Inoltre… Il C. sostiene che c’è stata una violazione e falsa applicazione degli artt. 2049 e 2051 del Codice Civile, in quanto le lesioni da lui subite sono la conseguenza della attività di cooperazione prestata dal cameriere attraverso la consegna dei piatti da gettare a terra, dei quali era responsabile la R. in quanto proprietaria delle cose verso le quali aveva un dovere di custodia.

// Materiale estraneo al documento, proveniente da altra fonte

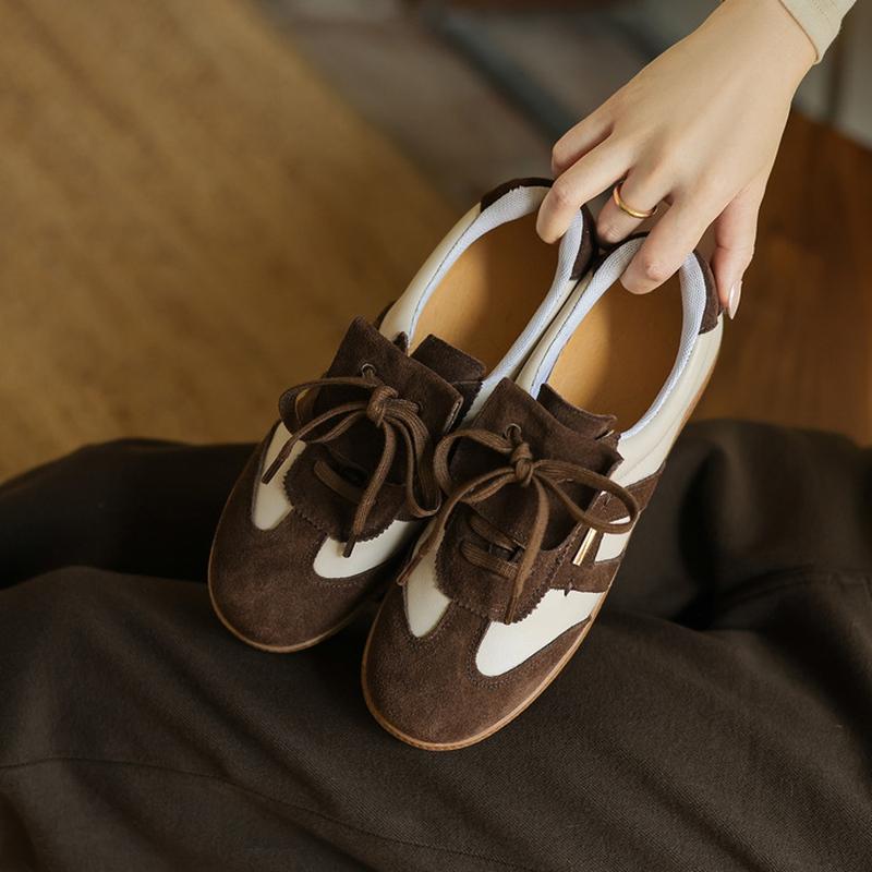 Fashion NEW Autumn Women Shoes Cow Suede Leather Shoes for Women Round Toe Thick Heel Shoes Mixed Colors Lace-up Sneakers German Trainer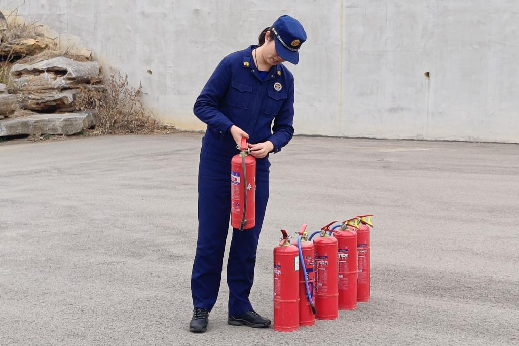 在实践操作环节,朱教官演示了灭火器的操作方法和使用细节,并组织全体参训员工亲身体验了灭火演练。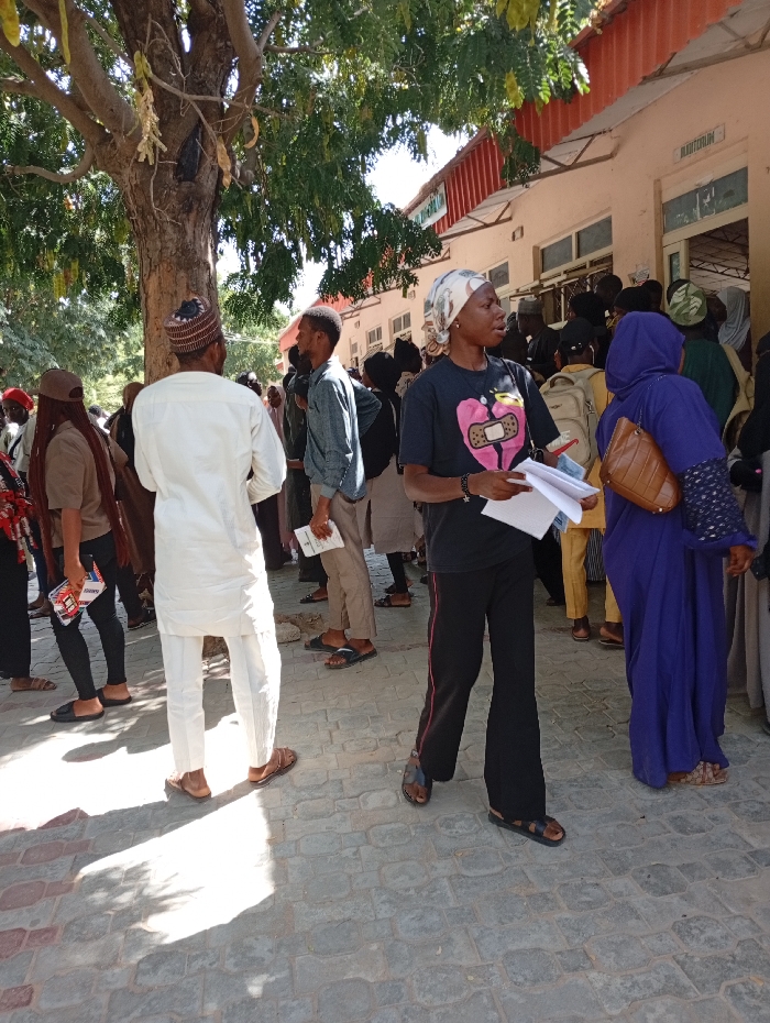 The image depicts an outdoor, daytime scene in Dabawa, Nigeria, characterized by a gathering of numerous individuals near a light-colored building under bright sunlight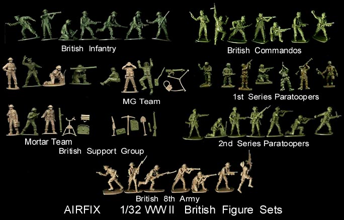 Now in 2009 Hornby new owner of the old Airfix molds has begun reissuing the WWII sets in small 14 figure boxes. Every pose in a particular set may not be in each box.

Articolo 2049. Responsabilità dei padroni e dei committenti. “I padroni e i committenti sono responsabili per i danni arrecati dal fatto illecito dei loro domestici e commessi nell’esercizio delle incombenze a cui sono adibiti” Articolo 2051. Danno cagionato da cosa in custodia. “Ciascuno è responsabile del danno cagionato dalle cose che ha in custodia, salvo che provi il caso fortuito”
Ma.. Secondo la cassazione entrambe le deduzioni sono inammissibili e infondate in quanto: NON esiste alcun nesso di causalità immediata e diretta tra il fatto che i camerieri abbiamo consegnato dei piatti su ESPRESSA richiesta degli avventori (tra cui lo stesso C.) e il danno denunciato da C. E’ stato fatto un uso assolutamente imprevedibile ed estraneo all’uso che normalmente si fa dei piatti in un ristorante La R. non ha alcuna responsabilità; del danno deve rispondere ESCLUSIVAMENTE colui che, in quanto detentore del piatto, ha materialmente gettato in terra il piatto il cui frammento ha colpito l’occhio del C. Non essendoci però alcuna prova di chi ha gettato il piatto a terra non si esclude il fatto che il frammento possa provenire da uno dei piatti gettati a terra dallo stesso C. e dai suoi commensali.
In conclusione Il ricorso proposto dal C. è totalmente infondato e deve rigettarsi, con condanna del C. al pagamento delle spese di causa.